The RDS Module deploys an Amazon Aurora PostgreSQL database cluster optimized for the Artos platform. Aurora provides a fully-managed, highly available database with automated backups, point-in-time recovery, and read scaling capabilities. The module handles secure credential management, network isolation, parameter optimization, and monitoring integration.

Key Features

  • High Availability: Multi-AZ deployment with automatic failover
  • Secure Credentials: Automated password generation and Secrets Manager storage
  • Encryption: Data encrypted at rest using KMS and in transit using SSL
  • Automated Backups: Continuous backups with configurable retention
  • Performance Insights: Built-in query performance monitoring
  • Read Scaling: Support for multiple reader instances
  • Serverless Option: Aurora Serverless v2 for variable workloads

Core Components

1. Database Credentials Management

The module automatically generates and securely stores database credentials.

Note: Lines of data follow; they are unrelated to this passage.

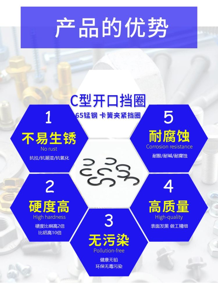 Customized 65 manganese C-shaped opening retaining ring C-type circlip clamping retaining ring M1800 crescent-shaped opening retaining ring 36*1 point 75100 pieces
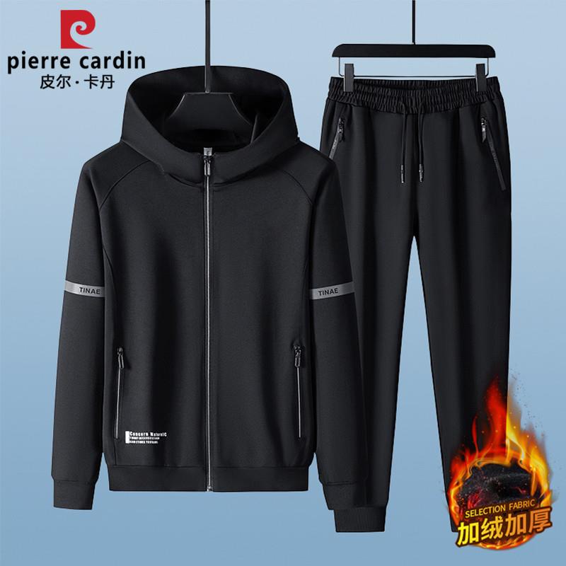 皮尔卡丹秋冬纯棉男士运动套装加绒大码中老年开衫连帽卫衣两件套
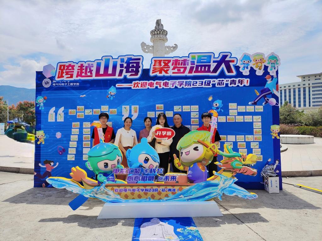 3044永利集团电气与电子工程公司采用“以‘芯’迎新,薪火相传”的理念,融合公司专业特色和第19届杭州亚运会主题,将科技风和运动风相结合,迎接305名本科生、79名研究生的到来,寓意着“点亮科技,爱达未来”。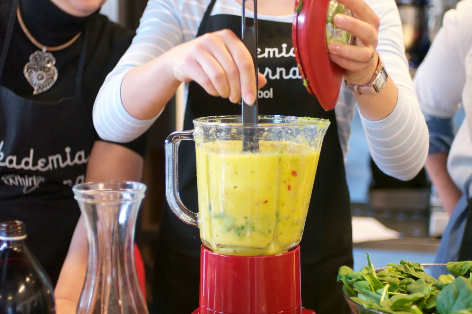 Warsztaty trwały kilka godzin i minęły w fantastycznej atmosferze. Kasia zaproponowała, by do diety włączyć czystek, ostropest i młody jęczmień. Dodaliśmy te składniki do przepysznych warzywno-owocowych koktajli.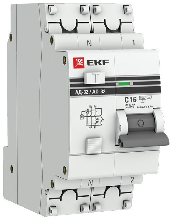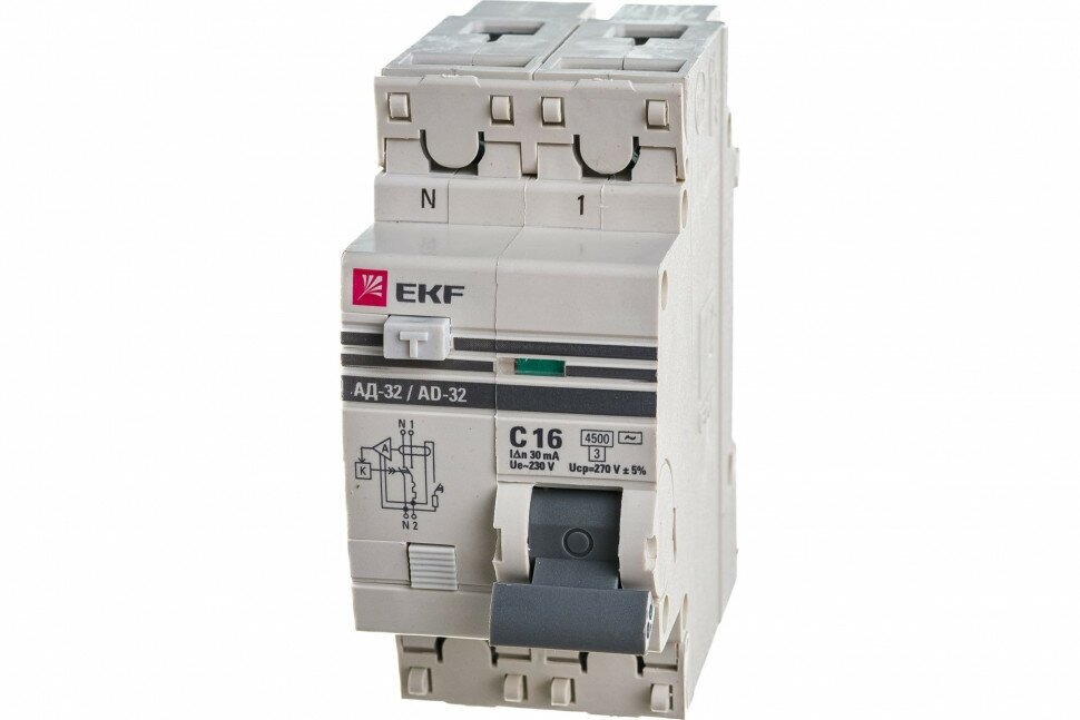 Дифференциальный автоматический выключатель АД-32 2P AC16 30 mA сочетает функции автоматического выключателя с устройством защитного отключения. Защищает от поражения электрическим током при случайном прикосновении к открытым проводящим частям электроустановки. Автоматическое отключение участка электрической сети при перегрузках и коротких замыканиях. Реагирует на синусоидальный переменный ток утечки.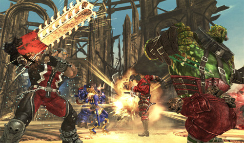 Between Bayonetta and the undervalued Vanquish, Platinum Games shows an undeniable gift for chaotic variety, and it's at the core of Anarchy Reigns. Every playable character, from the two heroes to the smorgasbord of unlockable faces, gets a largely unique set of aerial moves, dashing strikes, a rising sweep, and a momentary burst of destructive power. Each combatant's special ability is easily enabled through a shoulder button and a power meter. The raucous cyborg Big Bull whips off his missile backpack and swings it like a hammer. Leo's comrade Sasha plays with a fleet of frigid remotes. The obese mechanic Oinkie temporarily transforms into a green-skinned hulk. Rin Rin and her sisters imbue their weapons with fire, ice, and electricity. And Jack relies on the same telescoping chainsaw gauntlet that saw him through MadWorld, only it's now two chainsaws. That says something about Anarchy Reigns. It's all enjoyable at first, rampaging through one punk horde after another, seeing just how much of Altambra can be casually destroyed, and riding to the top of a skeletal skyscraper just to dive into the payment below. Yet it wears off rapidly. Fairly small and limited in their diversions, the Altambra neighborhoods are just there to set up the game's various missions, and those have problems of their own. Aside from the boss encounters, most of the missions are unmemorable in their aims. It's usually a matter of destroying a certain number of enemies, protecting some hapless Bar-Bot, or enduring a mediocre mini-game. Scoring high in one mission unlocks the next, but those who earn fewer points have to make up the difference by replaying missions or brawling around the city. Neither really excites upon a return trip. It's all at least visually striking, though the soundtrack is a morass of forgettable beats about mutants and ruthlessness. The most memorable sights of a solo Anarchy Reigns run are the bosses, but that's due more to their elaborate appearances than the challenges they put up. The story around all of them remains the stuff of trashy comics; there are hyper-macho heroes, women whose chests and asses are introduced before their faces, and moments of stony-faced gravitas. Even if the serious tones worked in Anarchy Reigns (and they usually don't), we've seen much of this before, right down to the grizzled, uncaring veteran hired by a fallen hero's daughter. The lighter scenes remain just as familiar, though the localizers certainly embrace it. Jack's most persistent ally is the Baron, a pimp who bears “F*CK OFF” on his gold teeth and refers to himself as “this token black guy.” Does that make it better or worse? One thing is evident: Anarchy Reigns is less gory than MadWorld's dark and heavy-handed satire. For all of its gruesome, atavistic overkill, the game pulls punches. Major characters bleed normally, but random thugs explode into showers of blood that's Kool-Aid blue instead of red. And while every boss died a hideous death in MadWorld, they're spared in Anarchy Reigns just so they can join the heroes later on…and add to the sense that the one-player mode is just there to feed the better half of the game. Anarchy Reigns gives itself away at the title screen, highlighting “multiplayer” by default when the first menu scrolls up. There's a standard complement of two-player cage fights, flag-capturing diversions, tag battles, and whopping 16-player melee. The real strength of it lies in the character lineup and the variable hazards of the stages. Altambra might not be intriguing when you're exploring it alone, but its multi-tiered environments become excellent playfields when rocket-powered robot bulls, piston-armed cyborgs, and other misfit warriors are tearing into each other all at once. Nor do the levels remain static. Submarines and jets bombard the landscape, black holes toss characters around the map, and power-ups appear at random. Then there's the Deathball arena, which rewards actual teamwork in its matches.

Random Password Generation

Purpose: Creates a cryptographically secure password for the database master user. Configuration:
  • Length: 32 characters
  • Character Set: Letters, numbers, and special characters
  • Special Characters: !#$%&*()-_=+[]{}|;:,.<>?~ (excludes problematic characters)
Security Benefits:
  • No hardcoded passwords in code or configuration
  • Meets complexity requirements for enterprise security policies
  • Unique per deployment

Secrets Manager Storage

Purpose: Securely stores database credentials for application access. Secret Name: {db_identifier}-password Secret Content:
{
  "username": "artos_admin",
  "password": "<generated-password>"
}
Recovery Window:
  • Production: 30 days (allows recovery from accidental deletion)
  • Non-Production: 0 days (immediate deletion for faster iteration)
Lifecycle Management: The secret version has ignore_changes on secret_string to prevent Terraform from updating the password after initial creation. This means:
  • Password rotations are managed outside Terraform
  • State file doesn’t contain password updates
  • Manual rotation doesn’t trigger Terraform changes
Accessing Credentials: Applications retrieve credentials from Secrets Manager using IAM authentication. The IAM module grants the necessary permissions to application pods.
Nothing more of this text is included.